В комнате был закрыт двухлетний ребенок. Жестокосердые соседи терпели его скулеж до тех пор, пока ребенок не начал выть, тогда они позвонили в местное отделение милиции. Я прошла к комнате и услышала предсмертный хрип. Вместе с сержантом мы выбили дверь, у порога лежало неподвижное тельце.
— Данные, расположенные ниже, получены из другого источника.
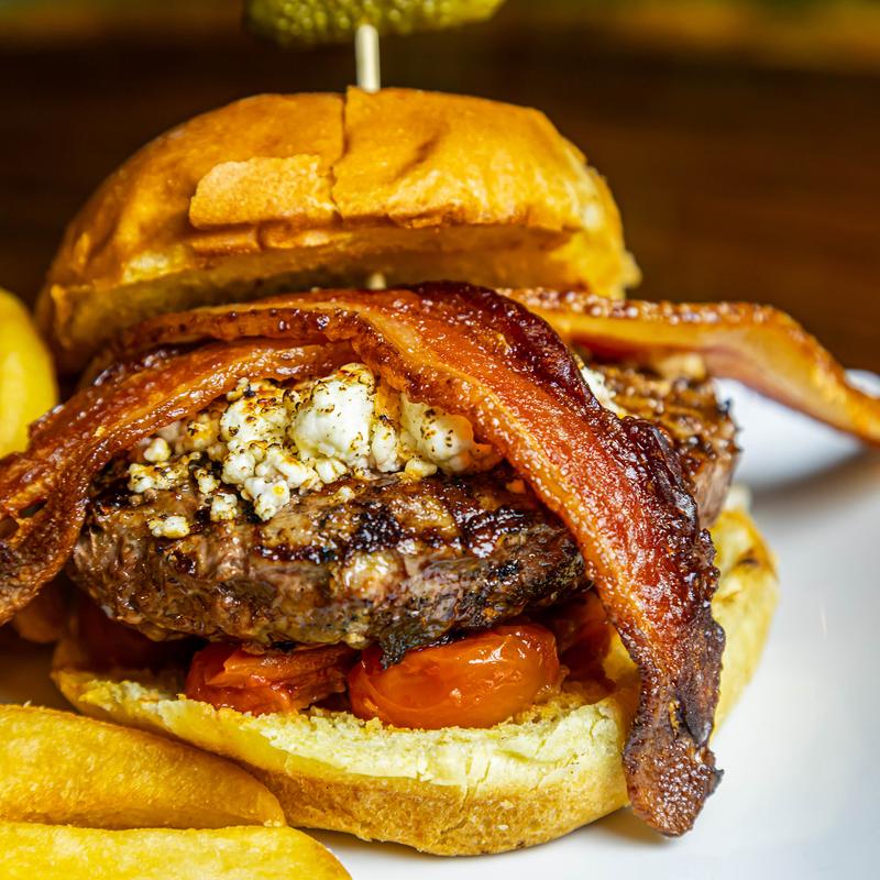 Elk, Venison, Wagyu, and Wild Boar ground meat, brûléed goat cheese, bacon, confit tomatoes, and French fries with a side of espresso ketchup.

Я наклонилась к крохотному существу. Все силы ребенка ушли на плач и мольбы о помощи. Он был весь измазан калом и мочой. Над плинтусами повисли клочки обоев – ребенок пытался их есть. Когда я наклонилась к нему, малыш рванулся вверх и крепко обхватил мою шею руками. По форменной рубашке и юбке потекли струи мочи и кала. Так и вышла я из страшной комнаты с ребенком на шее. Только в дежурной части смогли оторвать его от меня. Трудились сразу четверо: врач «скорой помощи», медсестра, дежурный отделения и сержант. Они с трудом справились, видимо, я стала для ребенка спасителем, интуитивно он не хотел отрываться от своего избавителя. И вложил в свои крохотные ручонки волчью хватку…
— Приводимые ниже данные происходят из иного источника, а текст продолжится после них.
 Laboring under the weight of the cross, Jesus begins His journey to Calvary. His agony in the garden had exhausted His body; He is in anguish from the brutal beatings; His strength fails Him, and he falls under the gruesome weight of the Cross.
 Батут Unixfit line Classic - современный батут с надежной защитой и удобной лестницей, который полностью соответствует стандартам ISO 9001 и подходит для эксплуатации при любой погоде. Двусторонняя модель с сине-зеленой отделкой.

Много детского горя пришлось мне увидеть за пять лет службы на поприще детской преступности и безнадзорности. В моей душе укоренилась уверенность, что я спасаю детей от настоящей беды, от родителей-пьяниц, от нищеты, от одиночества, от вселенского непонимания. Я твердо знала, что дети – беспомощные существа, и я обязана защищать их права на нормальную человеческую жизнь. Эта мысль помогала мне работать и ощущать себя полезным человеком в обществе. Дети, в свою очередь, чувствовали мою искренность и доверяли мне свои беды и горести.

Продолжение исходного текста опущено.